Why do therapists not allow or limit contact outside of arranged session times? Surely the more contact the better and it seems obvious that a therapist will be the most useful at the time when you need them.
Of course, different schools of therapy apply a range of strategies. However, it is still a generally held norm that many therapists do not do therapy between sessions. There are a great number of reasons why this has become so well established and widely considered best practice:
- The therapeutic relationship is affected by communicating over different channels;
- for example, communicating over text or email is more informal and can be more personal
- There is a greater chance of misunderstandings developing without non-verbal queues and almost no way of checking we are on the same page or correcting miscommunications; this can do far more harm than good
- The more time spent thinking about the client, especially outside of the session, the more the therapist aligns to their way of experiencing and understanding.

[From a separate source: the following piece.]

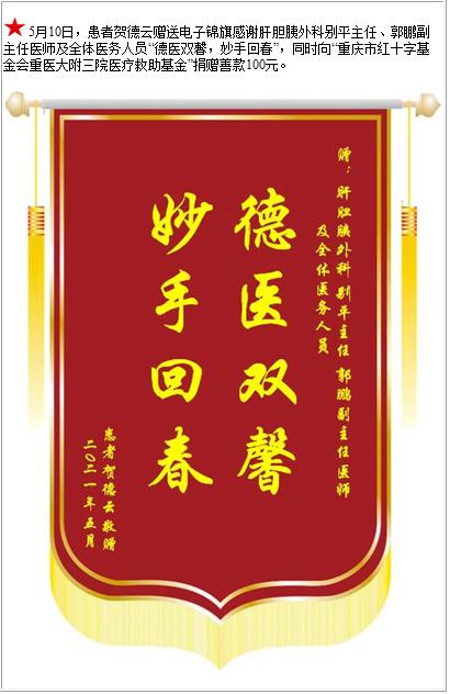 患者贺德云赠送电子锦旗感谢肝胆胰外科别平主任等人及全体医务人员,并向医疗救助基金捐赠善款100元-锦旗-患者心声-患者服务-重庆医科大学附属第三医院【官方网站】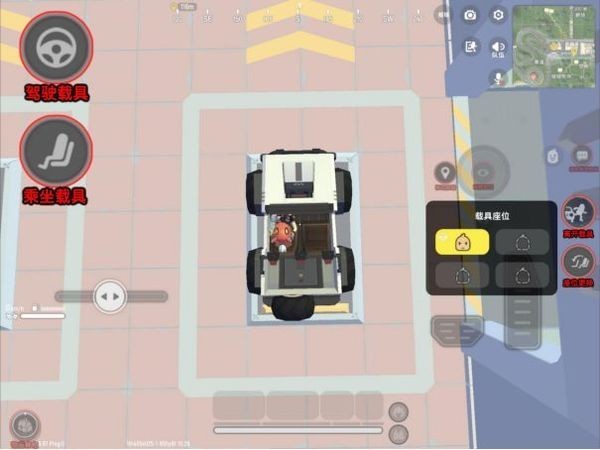 靠近载具时出现交互按钮:「驾驶」进入主驾位操控方向与速度;「乘坐」进入副驾/后排,可射击(部分载具限制武器类型);

- This leads to a loss of distance and objectivity, soon and without noticing, you have two minds thinking about the situation in the same way.
- This will essentially make change improbable and the therapy ineffective
- This counteracts the function of having therapy only once a week which is aimed at building the client’s capacity to resolve situations themselves, to learn to hold difficult emotions and to bring summaries/interpretations of incidents rather than offloading raw experience for the therapist to process
The list above is certainly not exhaustive with many reasons relating to specific situations. Nevertheless, these are some of the key general ideas that benefit the client.
Early in my career, like many therapists, I didn’t take this careful and strategic framing of the therapeutic process seriously, but have come to learn that therapeutic communications between sessions so often led to a failure of the therapy process.